Ending hunger and malnutrition amid a changing climate hinges on our ability to address inequalities in food systems.
CARE’s “SuPER” approach encourages investments in agriculture that promote:
- Sustainable agricultural systems grounded in healthy ecosystems, stable, accountable and enduring institutions and sustainable financing;
- Productive, (including profitable, and nutrition-sensitive) intensification interventions that are ‘climate smart’ and increase returns on investment for farmers;
- Equitable outcomes in smallholder agriculture by enabling access to equal rights, opportunities, resources and rewards, taking into account the needs and constraints of women farmers, and supporting access to affordable nutritious food for all;
- Resilient i.e. able to withstand and bounce back from environmental and economic shocks and stresses, including those exacerbated by climate change.
Source : CARE International. FAO, “The SuPER approach to smallholder agriculture.”
The reality of inequality is no truer than for women. Representing half the world’s population, women control far less than their fair share of the world’s resources. Inequality shapes who has access to food and the resources to grow it and buy it. It governs who eats first and who eats worst. Inequality determines who can adapt to a changing climate.

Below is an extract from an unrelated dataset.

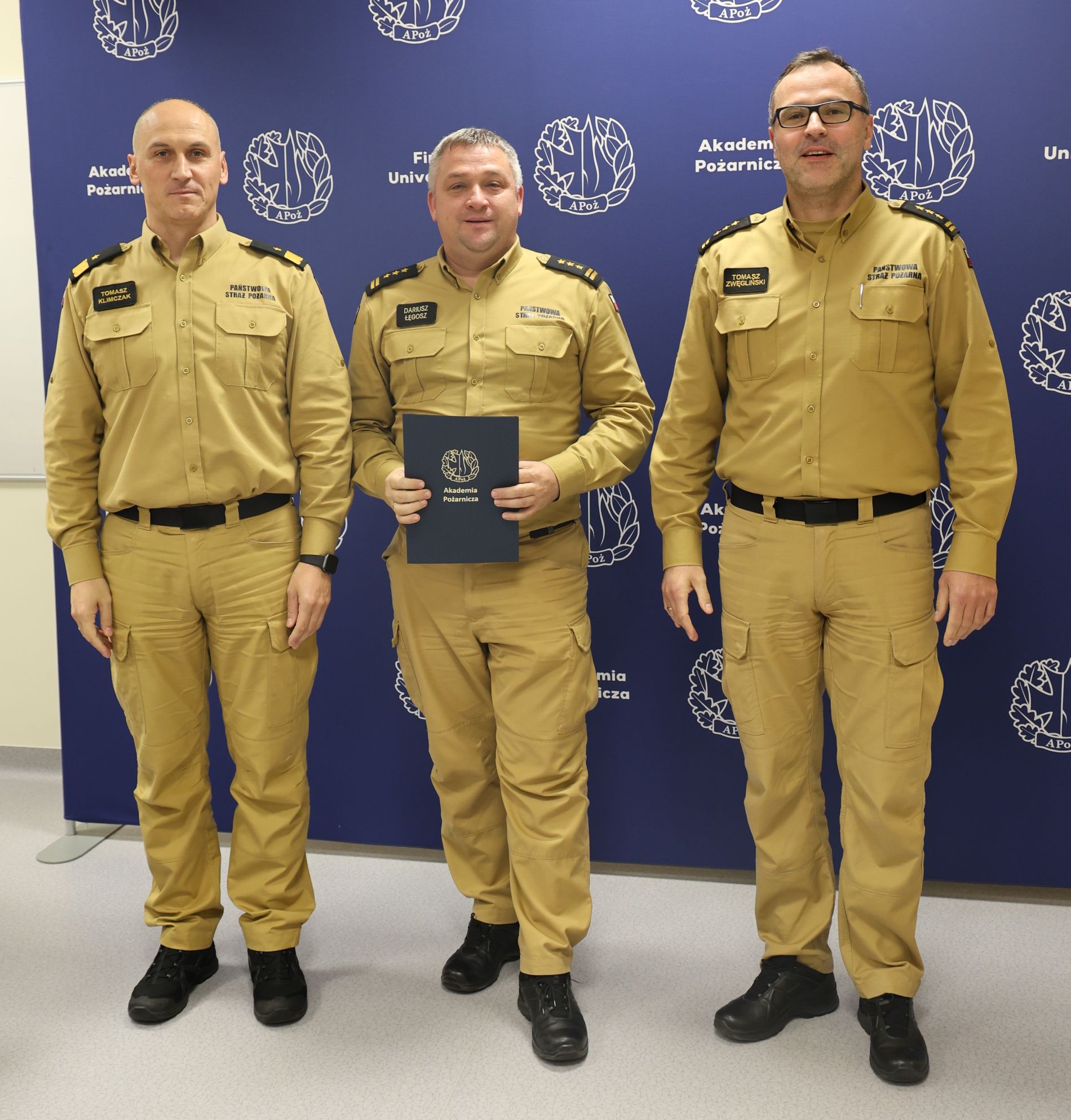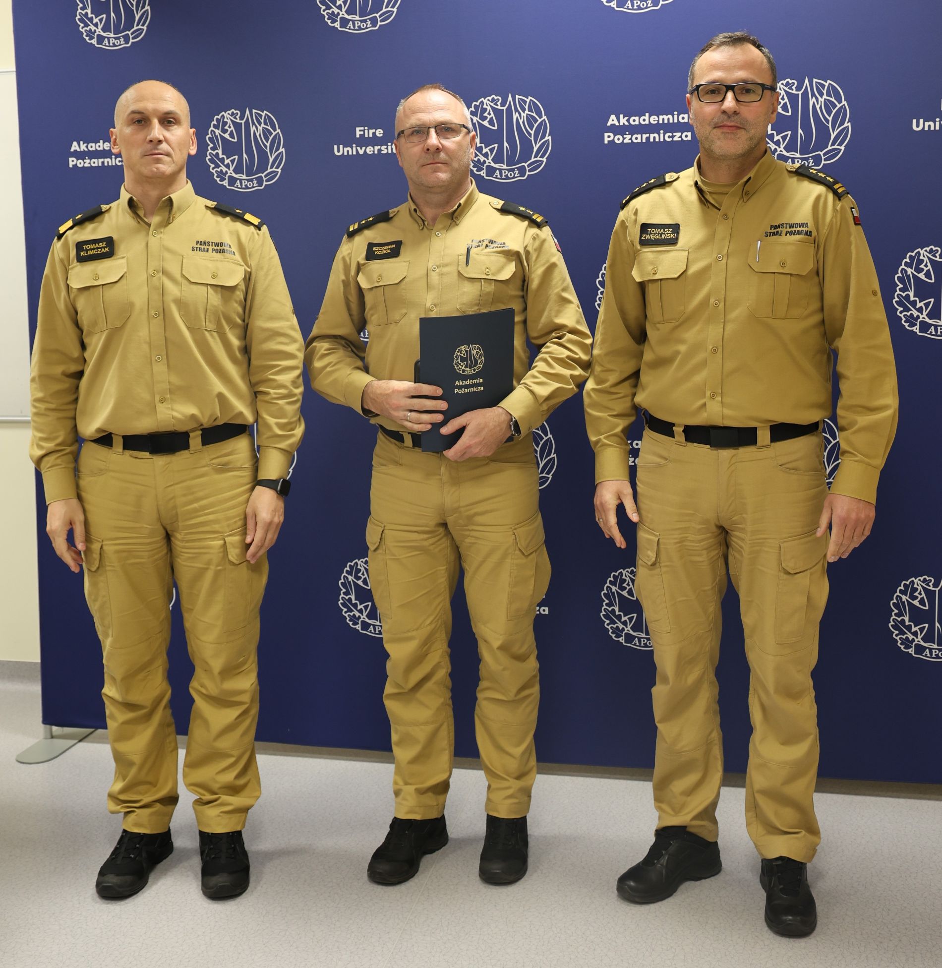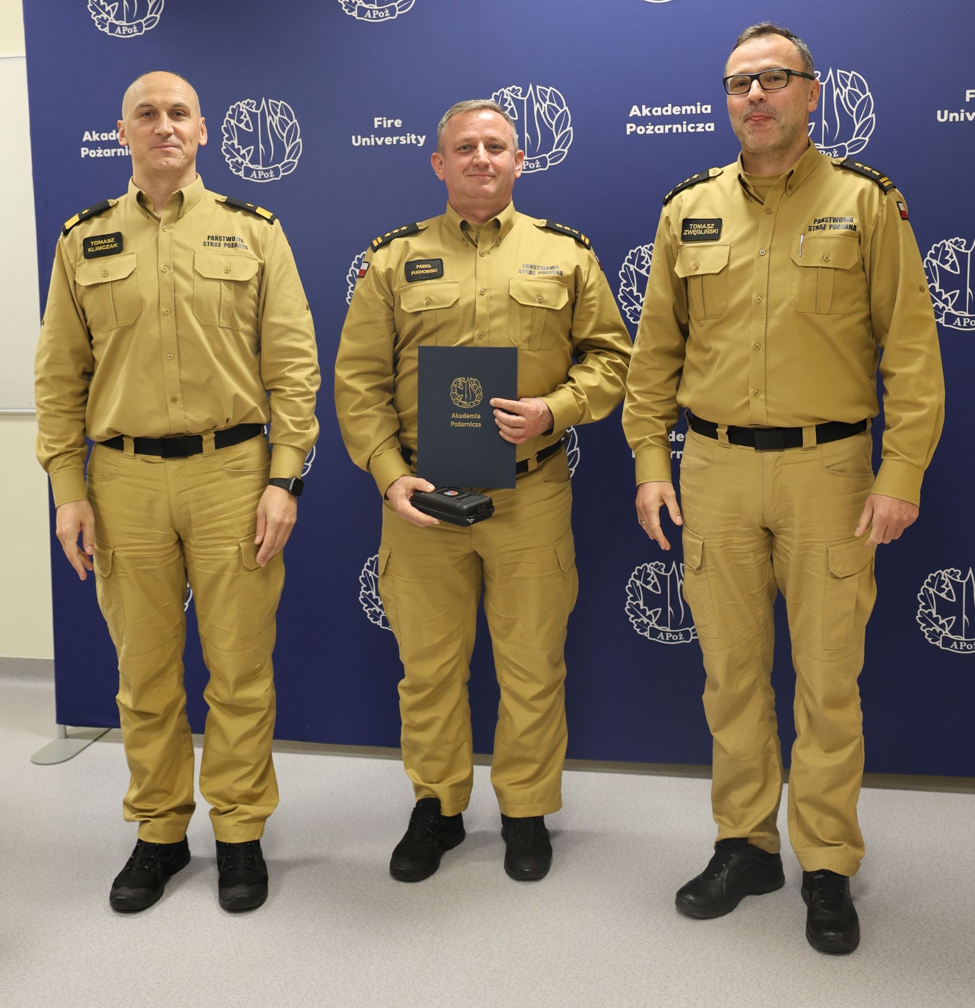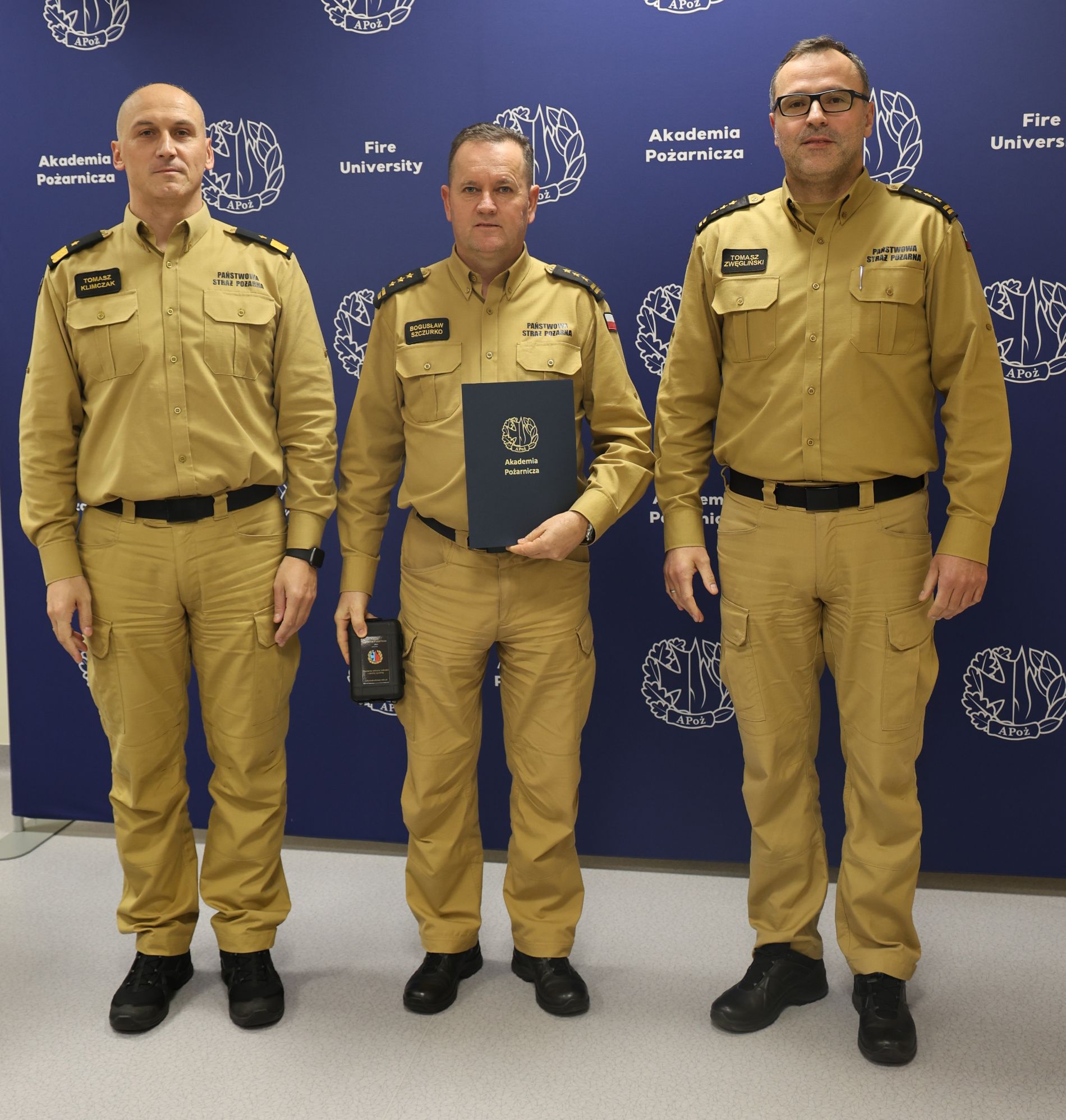 W dniu 6 listopada 2025 r. w Akademii Pożarniczej zakończyła się trzecia edycja szkolenia z zakresu ochrony ludności i obrony cywilnej, w którym uczestniczyli komendanci oraz zastępcy komendantów powiatowych (miejskich) Państwowej Straży Pożarnej z województw kujawsko-pomorskiego i podkarpackiego.

Smallholder farmers, especially women, must be at the centre of our efforts to ensure the availability of quality food and livelihood opportunities for the world’s poorest and most vulnerable people. Appropriate policies and funding mechanisms can help these farmers contribute to climate change adaptation and mitigation, while building more resilient communities around the world.
Download CARE Canada's Food and nutrition security and climate change policy brief [PDF]
The following recommendations underscore critical approaches by which the Government of Canada can support more sustainable, productive, profitable, equitable and resilient food systems, to help communities build resilience and adapt to climate change, while simultaneously mitigating their greenhouse gas emissions.
The Government of Canada should adopt a food systems policy centered on the potential of women smallholder farmers to stimulate economic growth, strengthen community resilience, and promote climate change adaptation and mitigation.
The Government of Canada should promote more sustainable, productive, profitable, equitable and resilient food systems by putting end-users at the centre of agricultural innovation creation processes, and by working with farmers’ organizations as mechanisms for promoting local governance systems’ responsiveness to farmers’ interests and needs.
The Government of Canada should support time-saving and value-adding post-harvest systems and technologies for women farmers.
The Government of Canada should support initiatives that promote women-led social enterprises involved in the production and sale of safe, sustainable and affordable fuel energy units.